Kory shifted nervously in his near-perfect suit and wiped his brow. The Oz theme park, he said with his signature, boyish smile, “began as a dream for an internationally recognized family entertainment resort. It has become much more than a dream. It has now evolved into a plan. For something of this magnitude to become a plan, there are a multitude of agreements, studies, projections, and more studies.”
Kory had the heat on him. Many people doubt the promises of prosperity for southern Johnson County that come from a man without theme park experience. And Kory may be losing the support he once counted on in the Kansas Legislature. The week previous to the chamber luncheon, Kansas state Rep. John Ballou of Gardner introduced legislation to strip the Kansas Development Finance Authority (KDFA) of its ability to issue up to $250 million in sales tax revenue bonds for the $771 million Oz project. The bill passed with a wide majority in preliminary actions in the Kansas House, where amendments could have been made to the bill before a final draft. A letter from the AFL-CIO sent the next day to legislators applied union pressure in support of the project. The legislature voted down the final draft of the bill on March 21 by a margin of eight votes — far fewer than the overwhelming majorities Oz-related legislation garnered last year.
According to Ballou, the bill was significant because it indicated a growing lack of faith in the Oz Entertainment Co.’s bid to receive 15 square miles of property from the federal government for the Oz theme park. To get the land, Oz has to prove it can provide the money for cleanup of the environmental contamination associated with decades of shell and rocket propellant manufacturing at the Sunflower site.
Kory said, after the luncheon, he was heartened by what he calls “the vote of confidence in the legislature” concerning Ballou’s bill to keep KDFA bonds out of Oz hands. But he says the legislation raised significant issues. “We spent some time meeting with legislators, to answer questions and address issues, and keep communications open.”

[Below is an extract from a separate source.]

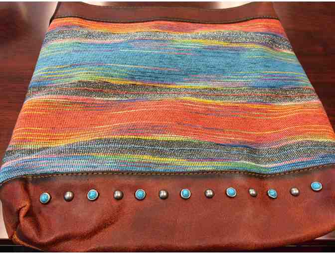 I Love Accessories — Blue & Orange Abstract Stud Crossbody Bag

Kory claimed during his presentation to have the favor of the KDFA. But Oz stopped working with the KDFA earlier this year. Oz officials decided to present a final financing plan to the KDFA for a yes-or-no decision instead of working through the intricacies of the plan with the agency.
“There are people who think Oz has no intention of building that park,” says Ballou, “that they will come along and get land fairly cheap, decide not to do it, use the revenue bonds to clean and market and develop that land. Oz should come up with their own land or wait for government to clean it and take parcels as they are available. If Kansas issues those bonds, the state is helping someone compete with a private enterprise. It makes the field uneven.”
Kory says Johnson County is the place for Oz. Kansas is a place that has the “economic and social bases that are compatible with Oz values. There is a commitment to education. There are well-developed services needed for the information and entertainment industries. We seek to create a product that appeals to the best in people. We are building a destination, a theme park, based on the Oz stories and the characters. We will network around the world on the Oz concept and the characters.”
“There is no place like home,” Kory adds. “We need one. There is no place like Johnson County.”
Despite the project’s storybook-like appeal, Kory was outwardly nervous at the luncheon. And he didn’t present any new information on the project. But Kory says he is going to be more public because of the nearness of an agreement with state and federal agencies over the transfer of the Sunflower property from the Army to Kansas. The state, with approval from the Kansas Department of Health and Environment (KDHE), the U.S. Environmental Protection Agency, and the governor, will transfer the land to Oz on the condition the environmental contamination will be cleaned up.
Some people at the luncheon left with more doubts than when they arrived. “For a long time, I didn’t pay attention to Oz,” says Jackie Holliger, marketing representative for Wichita Southeast Kansas Transit Inc., a trucking firm. “It just wasn’t what I would be interested in participating in. But I think now, whether I am interested in it or not it, it will take my money. I was not impressed with Kory. He did not have the kind of enthusiasm you would expect from someone who has to work to sell his project to people.”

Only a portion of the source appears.